Las lágrimas inundaron al instante la vista de Patricia Quiles como una presa que se desborda.

Si esa misma mañana, al irse a la escuela, su mamá todavía le sonreía y se despedía con la mano, diciéndole que iría a recogerla y le llevaría algo rico.

Si en la mañana todo estaba perfectamente bien.

En el rostro de Felipe Quiles no había ni una pizca de tristeza; a doña Beatriz Quiles solo le dolía la pérdida del nieto varón que no llegó a nacer.

Felipe acompañó a doña Beatriz hacia la salida.

Nadie notó que Patricia había llegado.

Patricia sintió mucho frío, temblaba incontrolablemente. Levantó la mano y jaló la bata blanca del doctor.

El doctor se giró para mirarla.

Ella alzó sus ojos llenos de lágrimas: —Señor, ¿cómo murió mi mamá?
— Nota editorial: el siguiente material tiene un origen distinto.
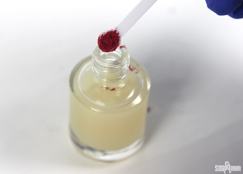 • To the second bottle, add 8 scoops Cellini Red Lip Safe Mica and 8 scoops Merlot Sparkle Mica.

¿Tuvo un accidente de auto cuando venía a recogerme?

El doctor, viéndola empapada y temblando como una hoja, se agachó un poco: —¿Y tú eres?

—Soy la hija de Elena, Patricia Quiles.

—Señorita Quiles, su mamá sufrió una fuerte intoxicación alimentaria.

Al final, había muertos, y eran dos vidas perdidas de una sola vez.

La policía fue a investigar a la familia Quiles, y el resultado final fue negligencia de una empleada. Se llevaron a esa empleada.

Por el dolor inmenso y la lluvia que la empapó, Patricia enfermó gravemente, con una fiebre que no bajaba.

Se aferró a la idea de asistir al funeral de su mamá, pero terminó desmayándose de tanto llorar allí mismo.

No pudo despedirse de su mamá ni de su hermanito.

Cuando despertó, ya caía la tarde.

El atardecer pintaba el cielo y los tonos anaranjados bañaban toda la habitación.

—¡Mamá!

Patricia se sentó de golpe, arrojó las cobijas y bajó corriendo las escaleras descalza.

—¡Ay!

Sintió un dolor agudo en el dorso de la mano y al mirar, se dio cuenta de que aún tenía puesto el suero.

Apretando los dientes, se arrancó la aguja y, sin molestarse en buscar zapatos, bajó corriendo a toda prisa hacia la planta baja.